/KenLM

Primary LanguageC++OtherNOASSERTION

Language model inference code by Kenneth Heafield <kenlm at kheafield.com>
The official website is http://kheafield.com/code/kenlm/.  If you're a decoder developer, please download the latest version from there instead of copying from another decoder.  

Two data structures are supported: probing and trie.  Probing is a probing hash table with keys that ere 64-bit hashes of n-grams and floats as values.  Trie is a fairly standard trie but with bit-level packing so it uses the minimum number of bits to store word indices and pointers.  The trie node entries are sorted by word index.  Probing is the fastest and uses the most memory.  Trie uses the least memory and a bit slower.  

With trie, resident memory is 58% of IRST's smallest version and 21% of SRI's compact version.  Simultaneously, trie CPU's use is 81% of IRST's fastest version and 84% of SRI's fast version.  KenLM's probing hash table implementation goes even faster at the expense of using more memory.  See http://kheafield.com/code/kenlm/benchmark/.  

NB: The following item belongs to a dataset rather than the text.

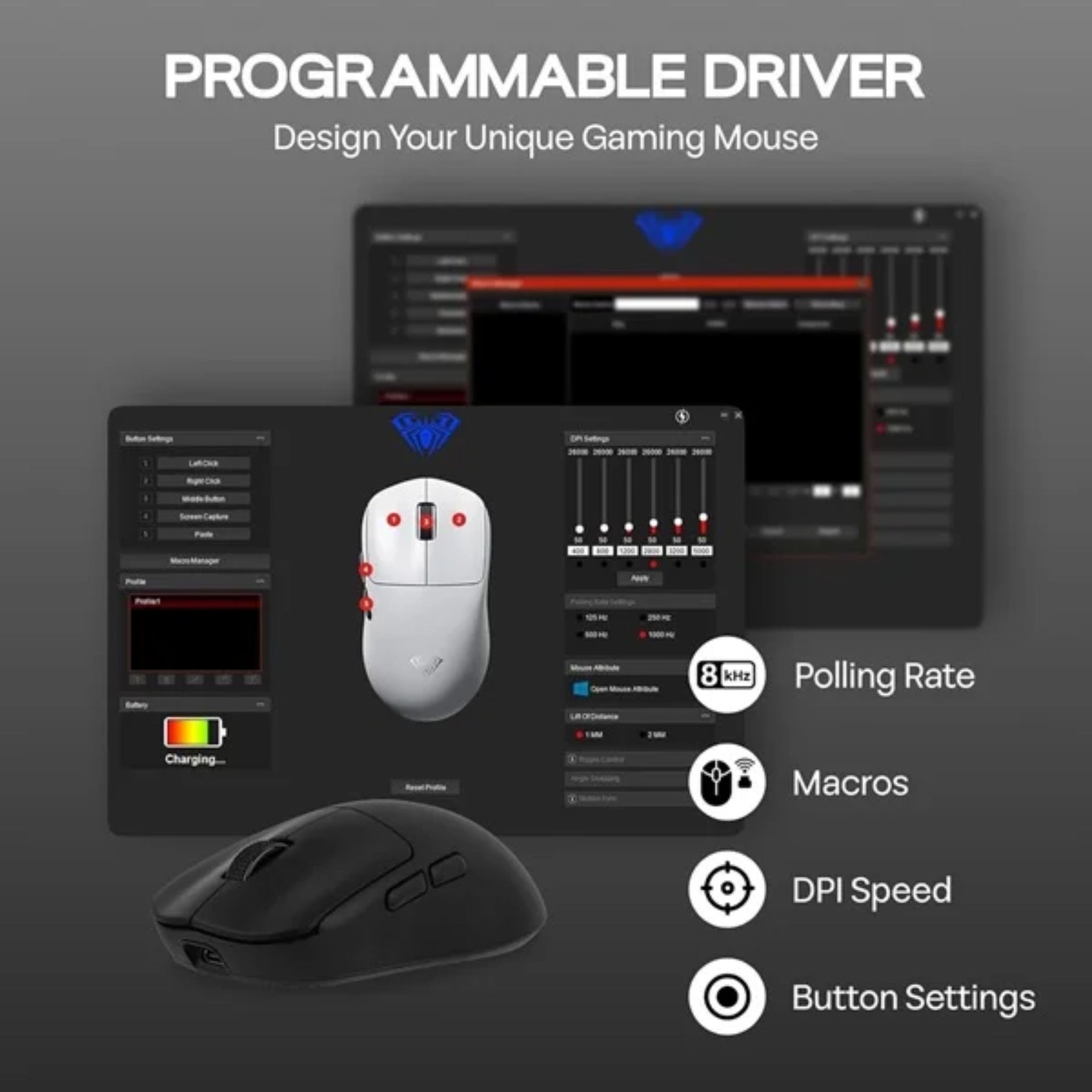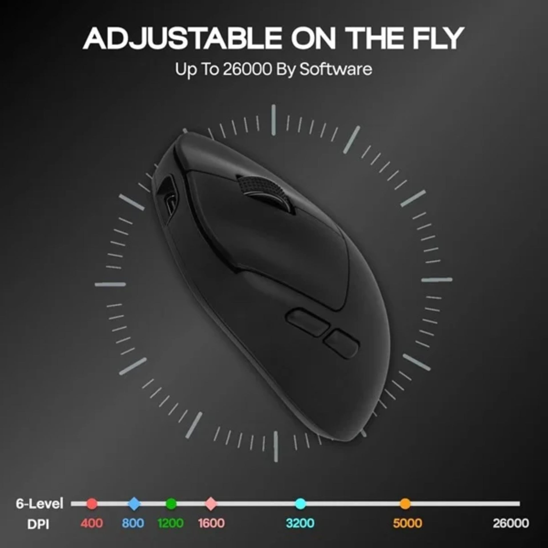 - DPI: 400DPI – 800DPI – 1200DPI – 1600DPI – 3200DPI – 5000DPI – 26000DPI

Binary format via mmap is supported.  Run ./build_binary to make one then pass the binary file name to the appropriate Model constructor.   

Currently, it assumes POSIX APIs for errno, sterror_r, open, close, mmap, munmap, ftruncate, fstat, lseek, and read.  This is tested on Linux and the non-UNIX Mac OS X.  I welcome submissions porting (via #ifdef) to other systems (e.g. Windows) but proudly have no machine on which to test it.  

A brief note to Mac OS X users: your gcc is too old to recognize the pack pragma.  The warning effectively means that, on 64-bit machines, the model will use 16 bytes instead of 12 bytes per n-gram of maximum order (those of lower order are already 16 bytes) in the probing and sorted models.  The trie is not impacted by this.  


FOR DEVELOPERS
Copy the code and distribute with your decoder.  
- It does not depend on Boost or ICU.  If you use ICU, define HAVE_ICU in util/have.hh (uncomment the line) to avoid a name conflict.  Defining HAVE_BOOST will let you hash StringPiece.  

- Most people have zlib.  If you don't want to depend on that, comment out #define HAVE_ZLIB in util/have.hh.  This will disable loading gzipped ARPA files.  

- Look at compile.sh and reimplement using your build system.  

- Use either the interface in lm/model.hh or lm/virtual_interface.hh.  Interface documentation is in comments of lm/virtual_interface.hh (including for lm/model.hh).  

- See lm/config.hh for tuning options.  

- I recommend copying the code and distributing it with your decoder.  However, please send improvements to me so that they can be integrated into the package.  

The name was Hieu Hoang's idea, not mine.